Las piernas de Sofía flaquearon. Su mayor miedo era que alguno de los niños se enfermara. Hasta había evitado que salieran demasiado para reducir riesgos.
—¿Te duele algo? —se acercó a la cama, donde Juan estaba hecho un ovillo, como un gatito asustado—. ¿Es la cabeza?
—La barriga. Aquí —señaló un punto cerca del ombligo—. Duele mucho.
—¿Por qué no me lo dijiste antes?
Sofía palpó su vientre, pero no notó nada fuera de lo común. Aunque, claro, ¿qué podría notar si las manos le temblaban de los nervios? Solo confirmó su propia inexperiencia en asuntos de salud infantil.
—¿Me voy a morir?
—¡No! ¡Dios mío! ¿Por qué preguntas eso? Nadie se va a morir. Ahora mismo llamamos a una ambulancia…
—¡No quiero una ambulancia! —sollozó el niño, encogiéndose en la cama—. ¡Prefiero morirme en paz!
En ese momento, Liza y Mak llegaron corriendo.
—¿Qué pasa aquí? ¿Por qué grita así?
—Creo que esto va en serio… —Sofía estaba blanca como el papel.
—Eh, Juan, ¿cuánto quieres para ponerte bien? —intentó bromear Mak, esperando que el niño solo estuviera exagerando.
—Nada… Solo quiero a mi papá. ¿Cuándo vuelve? —Las lágrimas empezaron a llenar sus ojos—. Díganle que me siento mal…
Después de esas palabras, todos se quedaron helados.
—¡Quédense con él! —ordenó Sofía y bajó corriendo las escaleras. Agarró el móvil y marcó el número de emergencias—. ¿Hola? ¿Es ambulancias? ¡Necesitamos ayuda urgente, hay un niño enfermo!
—Buenas tardes. ¿Cuáles son los síntomas?
—Dolor abdominal. No sé si es intoxicación, una úlcera o qué… No ha comido nada extraño, ha estado bien hasta ahora… ¡Díganme qué hacer!
—Por favor, dígame la dirección.
—Callejón Primorsky, casa 3 ¡Por favor, dense prisa!
—Espere, la unidad está en camino.
Ese “en camino” se convirtió en media hora eterna. Juan no mejoraba, y Liza empezó a entrar en pánico.
—¡Tenemos que llamar a papá! —exclamó, agarrando su teléfono—. Él siempre sabe qué hacer.
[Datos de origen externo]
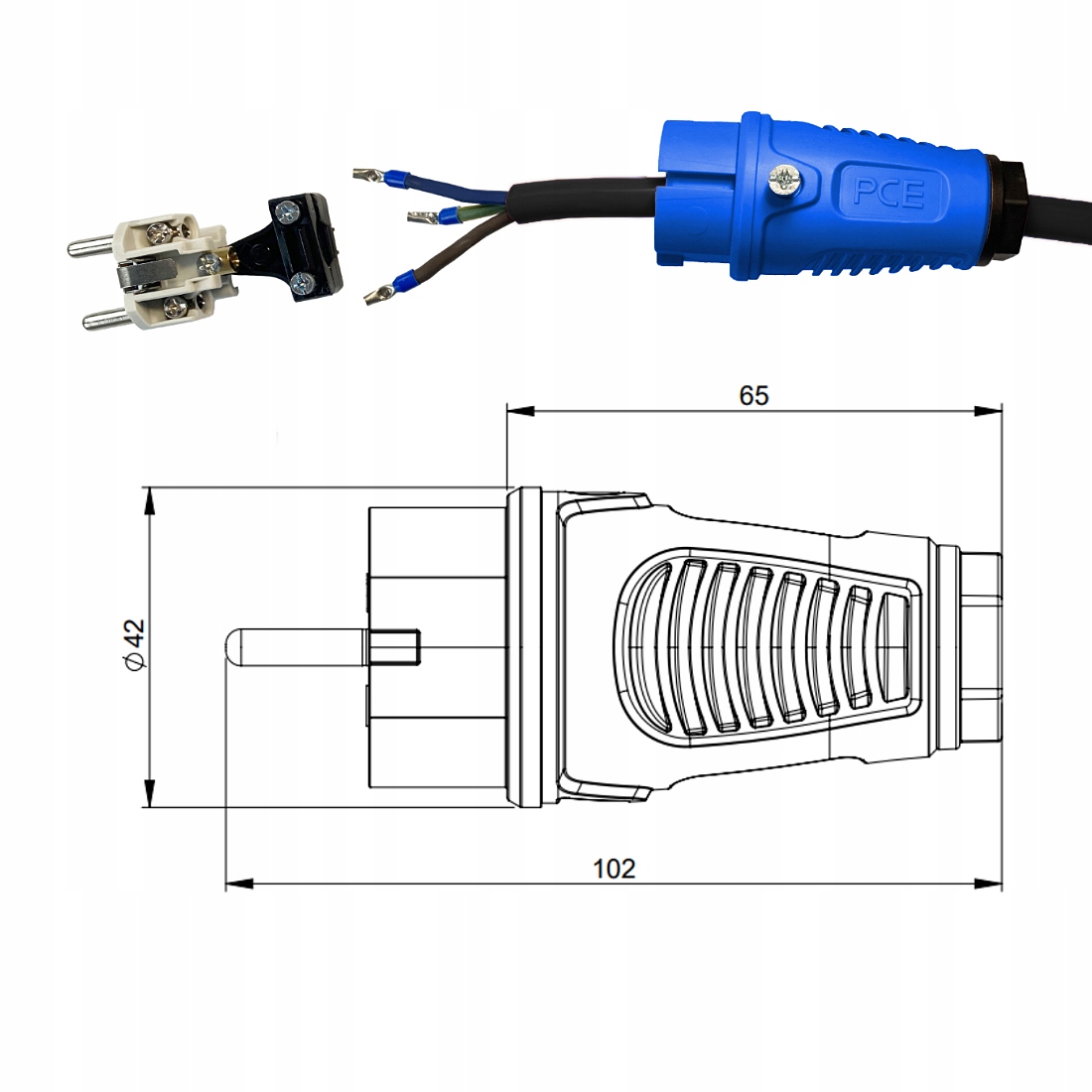 Rallonge en caoutchouc, robuste avec prise et fiche PCE bleues 230V 5m
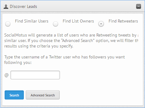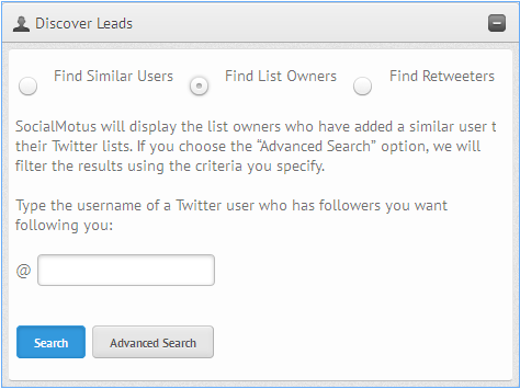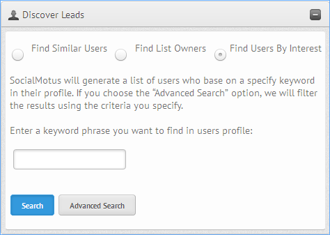 With each leads discovery tool, you can access our advanced filters. These filters not only ensure only legitimate Twitter accounts are displayed in the results, it allows you to refine the type of user appearing in the results. More specifically, you can specify what keywords their profile description or Twitter list must contain.
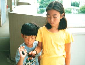 ヒラタクワガタとカラスヤンマを持つ子供達
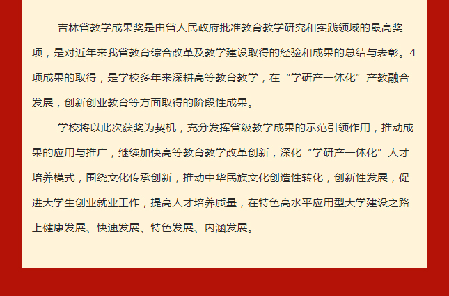 【JAI·奖】球盟会qmh4项成果荣获吉林省教学成果奖 发布时间:2023年02月10日 10:33:24 浏览:次 ■ 相关新闻链接 《吉林省人民政府关于表彰吉林省教学成果奖获奖成果的决定》 >>>> 编辑 | 戴 月 责编 | 闫 琦 审校 | 王 舜 于千傲 审核 | 宫 伟
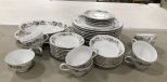 Creative Fine China Set, Japan, 11 dinner plates, 8 berry bowls, 8 saucers, 9 cups, oval platter, bowl, 5 dessert plates. Creative Fine China Set, Japan, 11 dinner plates, 8 berry bowls, 8 saucers, 9 cups, oval platter, bowl, 5 dessert plates.
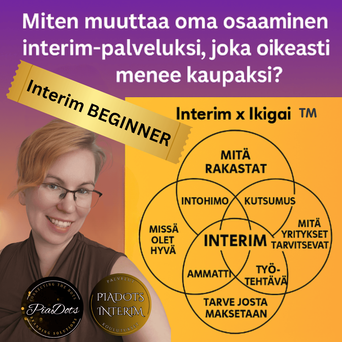 ✨Liittyminen PiaDots Interim -osaajapankkiin ilman liittymismaksua. Tämä lisää näkyvyyttäsi yrityspäättäjille ja mahdollistaa toimeksiantojen löytymisen myös valmennuksen jälkeen.
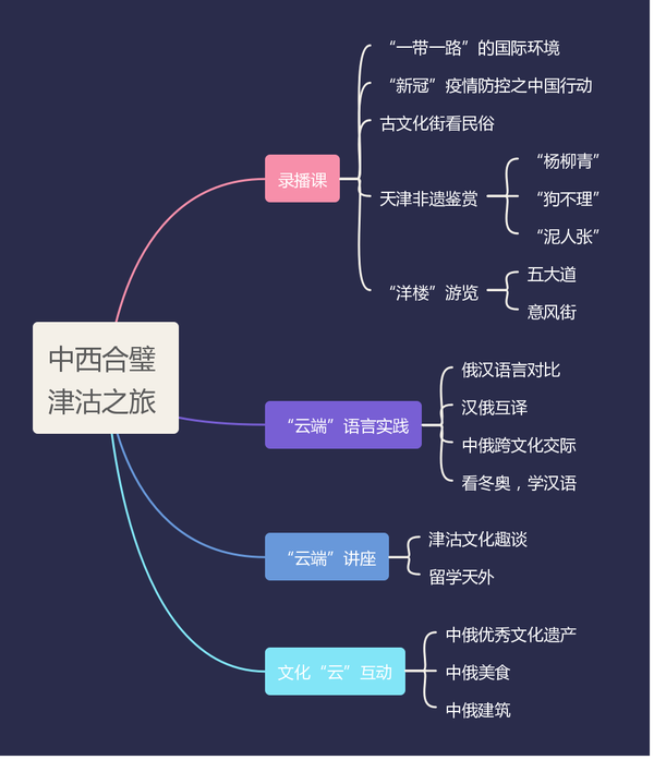 本项目是我校欧洲语言文化学院承办的2021年度6个“汉语桥”项目之一,同时也是庆祝《中俄睦邻友好合作条约》签署20周年系列活动框架内“中俄友谊,薪火相传”专项活动。项目依托天津多个国家级非物质文化遗产且极具地方特色的优势资源------天津中西合璧、古今融合的各大文化特色景点,如意大利风情区、望海楼建筑群、瓷房子、海河、五大道、“杨柳青”、“泥人张”、“狗不理”等中华老字号工作室等,为学员开启魅力独特的“津沽文化”之旅。项目旨在通过语言了解文化知识,依托文化强化语言学习,讲好天津故事,促进中外交流。
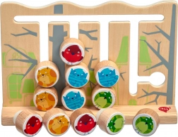 Objevte zábavnou dřevěnou motorickou hru Lucy & Leo, která rozvíjí jemnou motoriku, logické myšlení a rozpoznávání barev. Děti posouvají barevné ptáky a kočky ve štěrbinách podle přiložených karet s předlohami – učení se tak stává hrou.
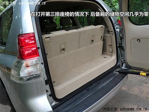 在打開第三排座椅的情況下,普拉多后備廂的儲(chǔ)物空間已經(jīng)近乎于零了,所以滿載7人之后,應(yīng)該趕快把第三排座椅收回去,不會(huì)?請看上圖。收起第三排座椅同樣是兩步,先摳起座椅旁邊的機(jī)關(guān),椅墊就可以自動(dòng)收回了,然后再摳起椅背上的開關(guān),放倒椅背就可以恢復(fù)如初了。
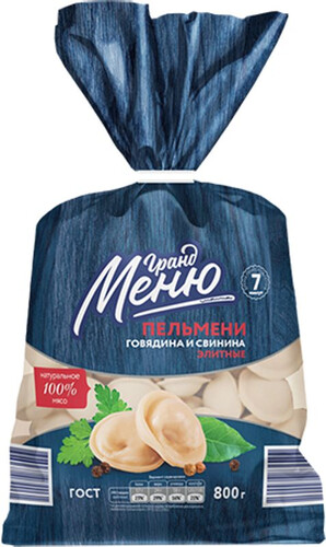 Пельмени ГРАНД МЕНЮ Элитные говядина и свинина 800гИдеальные пельмени из говядины «ГРАНД МЕНЮ». В составе сочный фарш, соль, лук и перец. Тесто в пельменях — эластичное и не развалится при варке.

—No hace falta —suplicó Sofía—. Está en la otra punta del país, no puede teletransportarse. Solo se preocupará sin razón. Además, vuelve mañana por la mañana.
—¡Lo que pasa es que tienes miedo de que se enfade contigo porque no has podido manejar la situación! —Liza estaba al borde del llanto—. ¡Y eso que prometiste…!
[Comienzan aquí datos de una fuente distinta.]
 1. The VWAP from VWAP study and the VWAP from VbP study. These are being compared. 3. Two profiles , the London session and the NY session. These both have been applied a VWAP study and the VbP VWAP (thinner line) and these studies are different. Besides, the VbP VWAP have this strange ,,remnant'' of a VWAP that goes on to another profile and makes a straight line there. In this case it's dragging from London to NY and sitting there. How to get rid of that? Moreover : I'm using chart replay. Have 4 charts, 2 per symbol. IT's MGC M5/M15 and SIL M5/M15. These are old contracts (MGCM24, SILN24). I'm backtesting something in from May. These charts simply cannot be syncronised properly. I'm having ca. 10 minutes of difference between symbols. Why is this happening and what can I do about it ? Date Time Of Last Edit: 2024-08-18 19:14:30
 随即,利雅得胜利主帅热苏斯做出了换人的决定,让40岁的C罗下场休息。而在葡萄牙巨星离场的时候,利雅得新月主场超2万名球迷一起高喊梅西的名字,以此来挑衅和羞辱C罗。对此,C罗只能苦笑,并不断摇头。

—Gritarle a Sofía no va a cambiar nada —intervino Mak—. No es su culpa.
—¡No la defiendas!
La discusión se vio interrumpida por una llamada.
—Buenas tardes, señorita. Hay un problema… La carretera está inundada y la ambulancia quedó atascada…
Sofía se agarró la cabeza con desesperación.
—¿Y ahora qué hacemos?
—Intentaremos llegar a pie, pero tardaremos un poco. ¿Cómo está el paciente?
—¡Mal! ¡No caminen, corran, ¿entendido?!
Cortó la llamada y apretó los dientes para no romper a llorar frente a Juan. Él necesitaba una adulta responsable a su lado, no una histérica al borde de la desesperación.
—Todo estará bien —dijo con decisión—. Solo tenemos que esperar a los médicos. Ya están cerca.
—¿Esperar? —saltó Mak, que había escuchado la conversación con los paramédicos—. ¡No podemos esperar! Bajen rápido, iré a buscar a mi padre. Tiene un todoterreno, con eso llegaremos sin problema.
—¡Y de paso recogemos a los médicos! —se animó Liza—. ¡Vamos!